Choose compute classes for Autopilot Pods

Autopilot

This document shows you how to select specific compute classes to run workloads that have unique hardware requirements in your Google Kubernetes Engine (GKE) Autopilot clusters. Before reading this document, ensure that you're familiar with the concept of compute classes in GKE Autopilot.

Overview of Autopilot compute classes

Autopilot offers compute classes that are designed to run workloads that have specific hardware requirements. These compute classes are useful for workloads such as machine learning and AI tasks, or running real-time high traffic databases.

These compute classes are a subset of the Compute Engine machine series, and offer flexibility beyond the default Autopilot general-purpose compute class. For example, the Scale-Out class turns off simultaneous multi-threading so that each vCPU is one physical core.

Based on your individual Pod needs, you can configure your regular Autopilot Pods or your Spot Pods to request nodes backed by these compute classes. You can also request specific CPU architecture, such as Arm, in compute classes that support that architecture.

Before you begin

Before you start, make sure you have performed the following tasks:

Enable the Google Kubernetes Engine API.

Enable Google Kubernetes Engine API

If you want to use the Google Cloud CLI for this task, install and then initialize the gcloud CLI. If you previously installed the gcloud CLI, get the latest version by running gcloud components update.
Note: For existing gcloud CLI installations, make sure to set the compute/region and compute/zone properties. By setting default locations, you can avoid errors in gcloud CLI like the following: One of [--zone, --region] must be supplied: Please specify location.

Ensure that you have a GKE Autopilot cluster running GKE version 1.24.1-gke.1400 or later.

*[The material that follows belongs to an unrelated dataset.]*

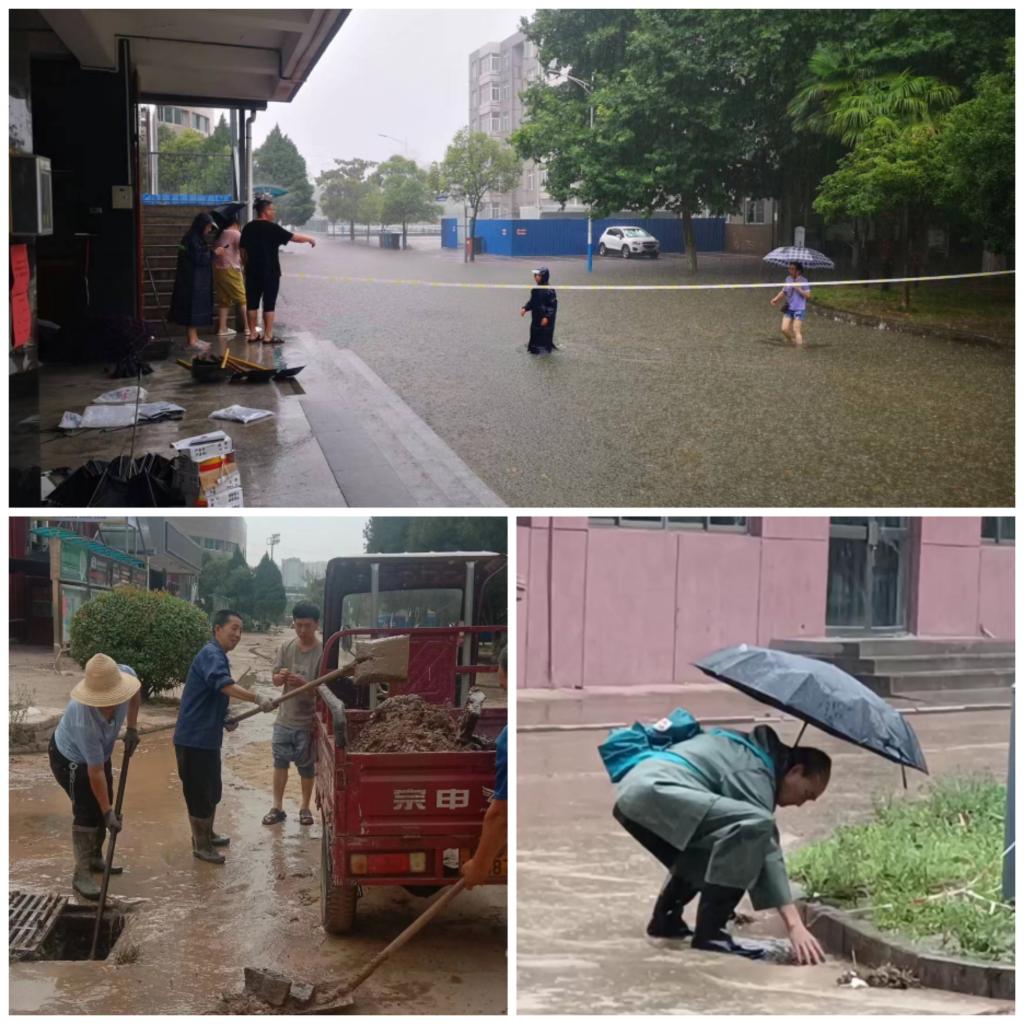 7月27日下午,宝鸡市气象台发布暴雨红色预警信号,后勤管理处(后勤服务集团)立即启动防汛应急预案,组织人员对石鼓、高新校区低洼易积水区域和重点关键区域开展安全巡查工作。教育西路路基塌陷,积水涌入校园,后勤管理处(后勤服务集团)及时设立警示标志、拉警戒线,联系工程抢险车辆、协调沙土30余方,组织人员搬运沙袋堵住溢水口,使用抽水泵排水,清理下水道淤泥、垃圾,疏通雨水井,保障了bat365教职工的生命财产安全。

Request a compute class in your Autopilot Pod

To tell Autopilot to place your Pods on a specific compute class, specify the cloud.google.com/compute-class label in a nodeSelector or a node affinity rule, such as in the following examples:

nodeSelector

    apiVersion: apps/v1
    kind: Deployment
    metadata:
      name: hello-app
    spec:
      replicas: 3
      selector:
        matchLabels:
          app: hello-app
      template:
        metadata:
          labels:
            app: hello-app
        spec:
          nodeSelector:
            cloud.google.com/compute-class: "COMPUTE_CLASS"
          containers:
          - name: hello-app
            image: us-docker.pkg.dev/google-samples/containers/gke/hello-app:1.0
            resources:
              requests:
                cpu: "2000m"
                memory: "2Gi"

Replace COMPUTE_CLASS with the name of the compute class based on your use case, such as Scale-Out. If you select Accelerator, you must also specify a compatible GPU. For instructions, see Deploy GPU workloads in Autopilot. If you select Performance, you can optionally select a Compute Engine machine series in the node selector. If you don't specify a machine series, GKE uses the C4 machine series depending on regional availability. For instructions, see Run CPU-intensive workloads with optimal performance.

nodeAffinity

    apiVersion: apps/v1
    kind: Deployment
    metadata:
      name: hello-app
    spec:
      replicas: 3
      selector:
        matchLabels:
          app: hello-app
      template:
        metadata:
          labels:
            app: hello-app
        spec:
          terminationGracePeriodSeconds: 25
          containers:
          - name: hello-app
            image: us-docker.pkg.dev/google-samples/containers/gke/hello-app:1.0
            resources:
              requests:
                cpu: "2000m"
                memory: "2Gi"
                ephemeral-storage: "1Gi"
          affinity:
            nodeAffinity:
              requiredDuringSchedulingIgnoredDuringExecution:
                nodeSelectorTerms:
                - matchExpressions:
                  - key: cloud.google.com/compute-class
                    operator: In
                    values:
                    - "COMPUTE_CLASS"

You can also request specific compute classes for your Spot Pods.

Specify resource requests

When you choose a compute class, make sure that you specify resource requests for your Pods based on the Minimum and maximum resource requests for your selected class. If your requests are less than the minimum, Autopilot automatically scales your requests up. However, if your requests are greater than the maximum, Autopilot does not deploy your Pods and displays an error message.

Choose a CPU architecture

Some compute classes support multiple CPU architectures. For example, the Scale-Out class supports both Arm and x86 architectures. If you don't request a specific architecture, Autopilot provisions nodes that have the default architecture of the specified compute class. If your Pods need to use a different architecture, request that architecture in your node selector or node affinity rule, alongside your compute class request. The compute class that you request must support the CPU architecture you specify.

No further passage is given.